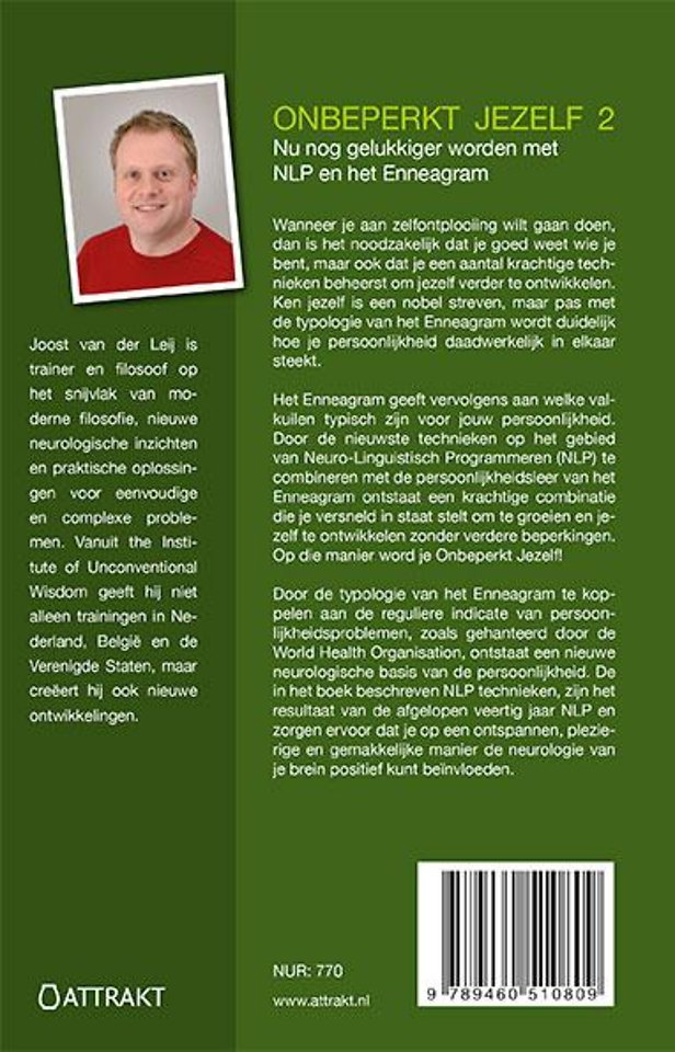 Het Enneagram geeft vervolgens aan welke valkuilen typisch zijn voor jouw persoonlijkheid. Door de nieuwste technieken op het gebied van Neuro-Linguistisch Programmeren (NLP) te combineren met de persoonlijkheidsleer van het Enneagram ontstaat een krachtige combinatie die je versneld in staat stelt om te groeien en jezelf te ontwikkelen zonder verdere beperkingen. Op die manier word je Onbeperkt Jezelf!
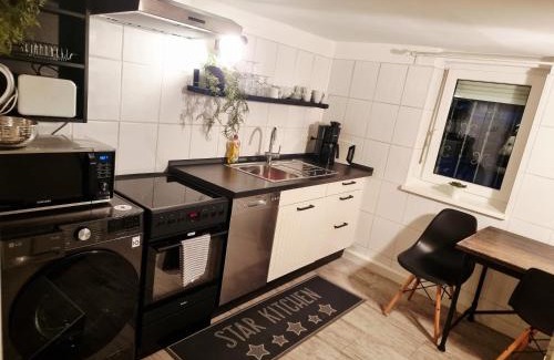 Ferienwohnung Cozy und Hugley in Neuenstein offers a comfortable apartment with free WiFi, a private bathroom, and a fully equipped kitchen. Guests can enjoy amenities such as a washing machine, work desk, and TV.Modern Facilities
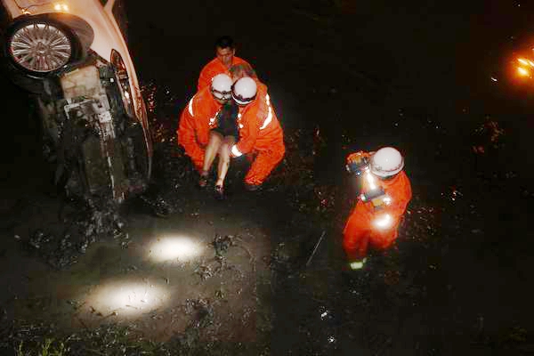 7月30日凌晨1時(shí)42分,云南省昭通魯?shù)榇箨?duì)值班室接到報(bào)警電話稱,昭魯快捷通道魯?shù)榭h柳樹閘帆船花園往魯?shù)榭h城新區(qū)方向30米處發(fā)生一起交通事故,一輛轎車墜入4米左右深的河道中,有4人被困,1人被現(xiàn)場群眾救出,還有3人被困車內(nèi),請消防隊(duì)救援。接到報(bào)警后,大隊(duì)立即出動2車11人冒雨趕赴現(xiàn)場處置。
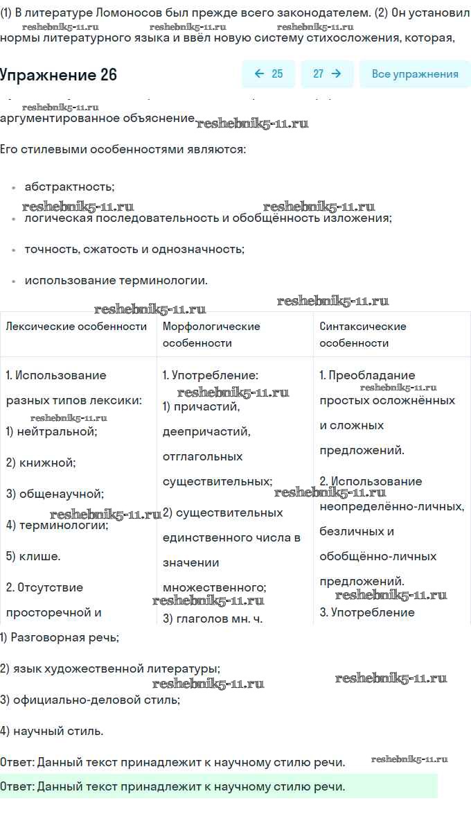 Готовая домашняя работа с ответами по Русскому языку за 8 класс Нарушевич, Голубева Тесты, творческие работы, проекты Просвещение 2020 ФГОС - Вариант 1 26
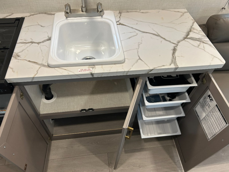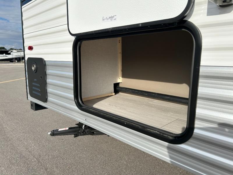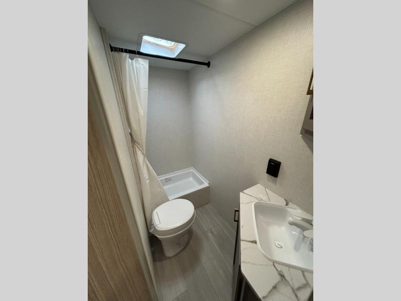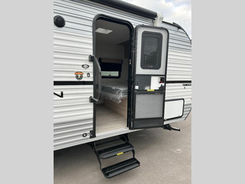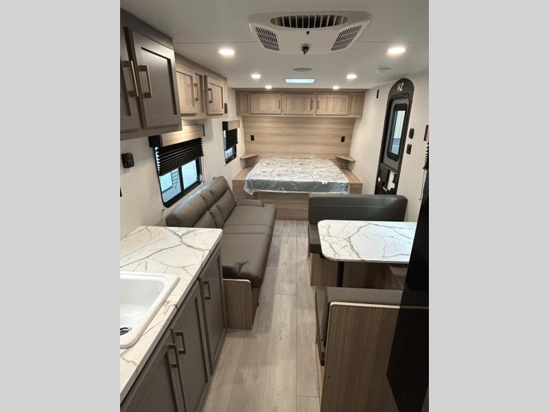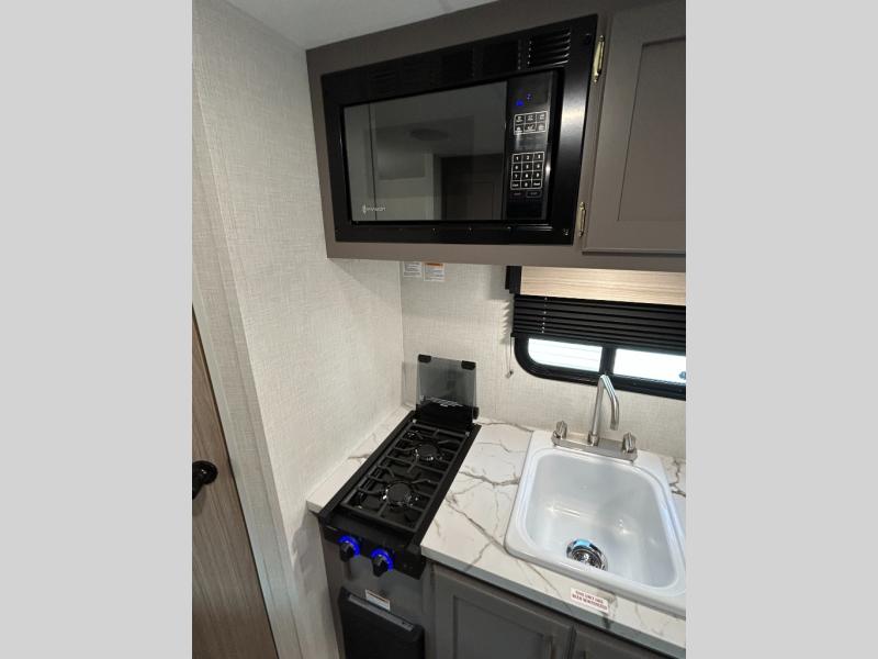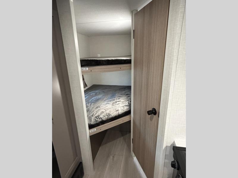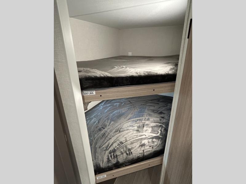 Double-size bunk beds provide ample space for kids or guests, while the front bed offers a cozy retreat for adults and nightstands add a touch of home. The full bathroom is equipped with everything you need to start your day feeling refreshed. The kitchen features an 8 cu refrigerator, two-burner cooktop, and sink, making meal prep easy. Plus, the pantry provides storage for your favorite snacks and ingredients. The jacknife sofa and booth dinette offer comfortable seating for meals, games, or movie nights.

- [Task directions]
Reproduce the data above exactly, but only from the line containing "7月30日凌晨1時(shí)" through the line containing "Готовая домашняя работа"; skip the pictures.

- [Output for this task]
 7月30日凌晨1時(shí)42分,云南省昭通魯?shù)榇箨?duì)值班室接到報(bào)警電話稱,昭魯快捷通道魯?shù)榭h柳樹閘帆船花園往魯?shù)榭h城新區(qū)方向30米處發(fā)生一起交通事故,一輛轎車墜入4米左右深的河道中,有4人被困,1人被現(xiàn)場群眾救出,還有3人被困車內(nèi),請消防隊(duì)救援。接到報(bào)警后,大隊(duì)立即出動2車11人冒雨趕赴現(xiàn)場處置。
 Готовая домашняя работа с ответами по Русскому языку за 8 класс Нарушевич, Голубева Тесты, творческие работы, проекты Просвещение 2020 ФГОС - Вариант 1 26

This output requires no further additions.